Tutorial for biologists and computer scientists: Context-Free Grammars
Introduction
- Stochastic context-free grammars are used to model RNA structure (to be covered in the next lecture)
- We will now look at context-free grammars, which do not have probabilities
- Introduced by Noam Chomsky in linguistics in the 1950s, also important in computer science (for example in compilers of programming languages)
What is a grammar
- Example: Set of rules $S\to aSb$, $S\to \epsilon$ (also written in a shorter form as $S\to aSb|\epsilon$)
- Two types of symbols: terminals (lowercase letters), nonterminals (uppercase letters)
- Rules rewrite a nonterminal into a string of terminals and nonterminals (can also be the empty string, denoted by $\epsilon$)
- The nonterminal S is the “start symbol”
Using a grammar to generate strings
- Start with the start nonterminal S
- At each step, rewrite the leftmost nonterminal according to one of the rules
- Stop when there are no nonterminals left
- Example: $S\to aSb \to aaSbb \to aaaSbbb \to aaaSbbb$ (the last step uses the rule $S\to \epsilon$)
- What strings can this grammar generate?
- Of the form aa…abb…b with the same number of a’s and b’s (computer scientists write $a^kb^k$ for $k \ge 0$)
Exercises
- Construct a grammar for words of the form aa..abb..b where the number of a’s is equal to or greater than the number of b’s, $a^ib^j$ for $i\ge j$
- $S\to aSb | aS | \epsilon$
- Construct a grammar for words of the same type, where the number of a’s is greater than the number of b’s, i.e. $i>j$
- $S\to aSb | aT$, $T\to aT | \epsilon$ or $S\to aSb | aS | a$
- Construct a grammar for well-parenthesized expressions using parentheses (),[,]. For example, [()()([])] is well-parenthesized, but [(]) is not.
- $S\to SS| (S) | [S] | \epsilon$
- example of a derivation in this grammar: S->[S]->[SS]->[SSS]->[(S)SS]->[()SS]->[()(S)S]->[()()S]->[()()(S)]->[()()([S])]->[()()([])]

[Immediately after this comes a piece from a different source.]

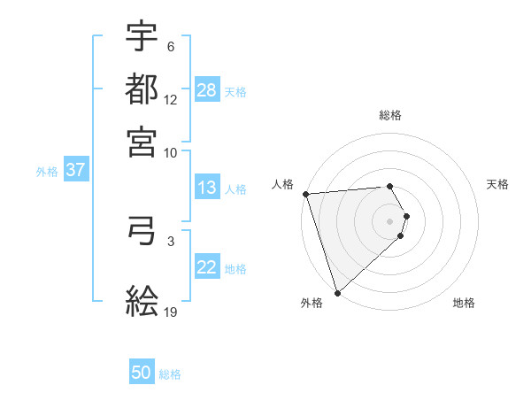 宇都宮 弓絵さんを姓名の画数から五運を鑑定

Parsing a string using a grammar
The task is to determine how a string could have been generated using the rules
- The grammar for well-parenthesized expressions helps us determine which parenthesis matches which: those that were generated in one step
- Similarly, in the next lecture we will have a grammar for RNA, which will generate paired nucleotides in one step
More exercises
- Construct a grammar for DNA palindromes, i.e. sequences that, when reversed and complemented, yield the same sequence, e.g. GATC
- $S\to gSc | cSg | aSt | tSa | \epsilon$
- RNA hairpins with an arbitrarily long paired part and 3 unpaired nucleotides in the middle
- $S\to gSc | cSg | aSu | uSa | aaa | aac | aag | aau | … | uuu$
- Harder example: Construct a grammar for words with the same number of a’s and b’s in any order
- $S\to \epsilon | aSbS | bSaS$
- how does it generate aababbba?
- why can it generate all such strings?